Because of this, medical professionals emphasize the importance of confirming the infection through laboratory testing before beginning treatment.
A podiatrist or GP will typically take a toenail sample and send it to a lab for analysis.
If the infection is confirmed, a liver function blood test is conducted before starting terbinafine.
This test is repeated periodically to ensure the treatment remains safe, with most patients requiring at least three months of medication.
Yet, not all thickened or discolored nails are the result of fungal infections.
Some may signal underlying medical conditions that require urgent attention.
Psoriasis, a chronic autoimmune disorder, affects about half of its patients with nail abnormalities, including thickening, discoloration, and pitting.
Yellow nail syndrome, a rare condition associated with chronic lung disease and lymphoedema, also causes nails to turn yellow and deform.
Even more concerning is the possibility that discolored toenails may be an early sign of melanoma, the most aggressive form of skin cancer.

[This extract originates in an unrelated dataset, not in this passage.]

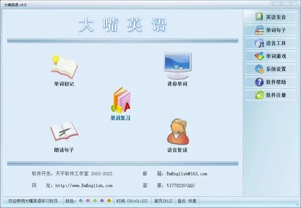 从认字母、学音标开始,真正零基础起步。内容巨全:英语900句、电话英语、商务英语、求职英语、社交英语、走遍美国、疯狂英语900句、新概念英语(全套四册) 等39大类共30000多句常用对话,初中高中课文也全包了。背单词部分精选了 小学到大学、四六级、考研、职称、出国考试、新概念、许国璋 等17大类150多本书、18万词汇,部分带例句、英义、助记法,还有卡通人物和中英文语音朗读。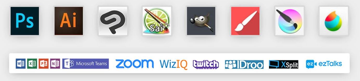 Bảng vẽ VEIKK có thể sử dụng với các phần mềm đồ họa và giảng dạy trực tuyến như: Zoom, Microsoft-Teams, hội thảo trên web Eztalks, XSplit, Twitch, v.v.

In the UK, 12,000 people are diagnosed with melanoma annually, and approximately two in every 25 cases originate in the feet or toenails.
These cases often go undetected because people rarely inspect their toenails, making early diagnosis a challenge.
The story of Bob Marley, who succumbed to melanoma that began under his toenail, serves as a stark reminder of the importance of vigilance.
The hallmark sign of melanoma in the nail bed is a single, uninterrupted black line running from the base to the tip of the nail.
Anyone noticing this should seek immediate medical attention.
However, black or brown streaks can also be caused by benign conditions like melanonychia or bruising, making professional evaluation essential.
As the nail care industry continues to evolve, the onus falls on both salons and consumers to prioritize health over aesthetics.
The stakes have never been higher, and the message is clear: when it comes to nail care, the cost of neglect can be far greater than the price of a manicure.